Now his claims have been confirmed by the latest figures which show a dramatic fall in the city.
Between June 21 and June 28, the infection rate in Hull was only 3.8 cases per 100,000 population, which is one of the lowest in Yorkshire.
This represents a sharp drop from the previous week’s figure of 22.6 cases per 100,000 population.
There have been more than 1,500 positive tests in the city since the start of the pandemic and the drop last week means that the cumulative infection rate has also dropped from 586.3 per 100,000 to 585.5.
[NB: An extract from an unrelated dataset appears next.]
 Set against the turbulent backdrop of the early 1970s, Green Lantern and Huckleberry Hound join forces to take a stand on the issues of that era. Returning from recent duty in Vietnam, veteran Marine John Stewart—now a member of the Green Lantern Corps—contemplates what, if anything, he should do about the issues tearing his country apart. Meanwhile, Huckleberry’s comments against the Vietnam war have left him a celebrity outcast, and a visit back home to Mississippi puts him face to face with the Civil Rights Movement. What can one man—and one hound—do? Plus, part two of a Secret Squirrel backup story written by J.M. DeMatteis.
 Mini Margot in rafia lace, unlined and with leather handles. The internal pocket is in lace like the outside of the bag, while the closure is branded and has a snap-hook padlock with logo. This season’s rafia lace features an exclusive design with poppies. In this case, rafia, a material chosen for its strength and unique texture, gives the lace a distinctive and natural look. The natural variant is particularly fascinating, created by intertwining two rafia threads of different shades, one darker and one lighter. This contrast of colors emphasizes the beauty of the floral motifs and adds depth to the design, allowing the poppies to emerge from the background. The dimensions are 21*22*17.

East Riding also saw a significant drop in the number of cases, from 14.1 cases per 100,000 population to 4.7.
Cases have also gone down in other parts of Yorkshire, but there have been increases in Calderdale, Doncaster and Sheffield.
Weekly rate of Covid-19 cases in Yorkshire
per 100,000 inhabitants tested under pillars 1 and 2 (figures from last week in brackets)
Bradford 45.8 (69.4)
Barnsley 35.1 (54.7)
Kirklees 26.2 (30.3)
Rotherham 26.1 (33.6)
Sheffield 24.4 (20.6)
Doncaster 21.3 (17.4)
Calderdale 14.8 (12.4)
Leeds 11.7 (19.8)
Wakefield 9.0 (18.6)
North Yorkshire 5.0 (13.8)
Riding East 4.7 (14.1)
Hull 3.8 (22.6)
York 1.9 (6.7)
The only data the government previously released shows that there have been 804 cases in the city, giving it an infection rate of 308.5.
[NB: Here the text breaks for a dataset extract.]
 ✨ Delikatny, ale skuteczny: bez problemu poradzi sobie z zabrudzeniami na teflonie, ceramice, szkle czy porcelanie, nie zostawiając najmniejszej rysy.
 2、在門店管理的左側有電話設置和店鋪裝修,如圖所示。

But it was only from tests done in hospitals. The new number tests that are done in the community – either in centers like the Humber Bridge or in private homes.
Leicester remains the most affected area, which caused a local lockout this weekend.
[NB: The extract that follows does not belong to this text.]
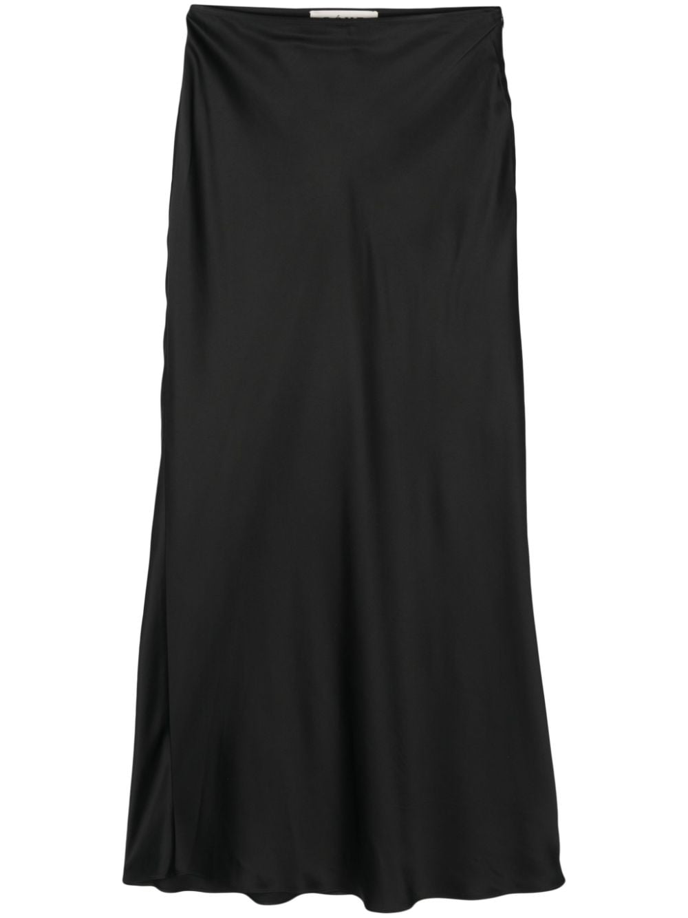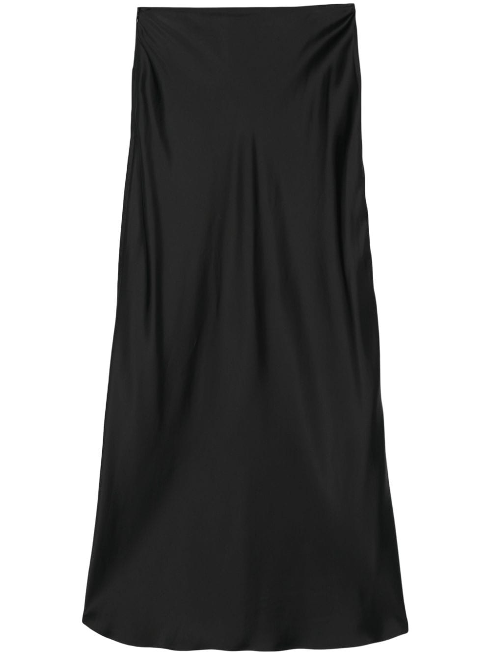 black satin finish bias cut flared full-length unlined straight hem concealed side zip fastening

The city’s infection rate is 141.3 cases per 100,000 population in the seven days to June 28. This compares to a rate of 140.2 cases per 100,000 in the week ending June 21.
The local authority with the second highest rate after Leicester for the week ending June 28 was Bradford with 45.8 cases per 100,000 but down from the previous week.
After Bradford, the local authority with the second highest rate of new Covid-19 cases was Barnsley with 35.1 cases per 100,000, compared to 54.7 the previous week.
He was followed by Rochdale with 35 cases, Oldham with 30.1, Kirklees with 26.2 and Rotherham with 26.1.
The figures were released as part of the Public Health England weekly surveillance report.
Earlier this week, Hull City Public Health Director Julia Weldon said that although the risk of coronavirus remained, the rate of infection in the city had dropped in the weeks following the report. to 3.1.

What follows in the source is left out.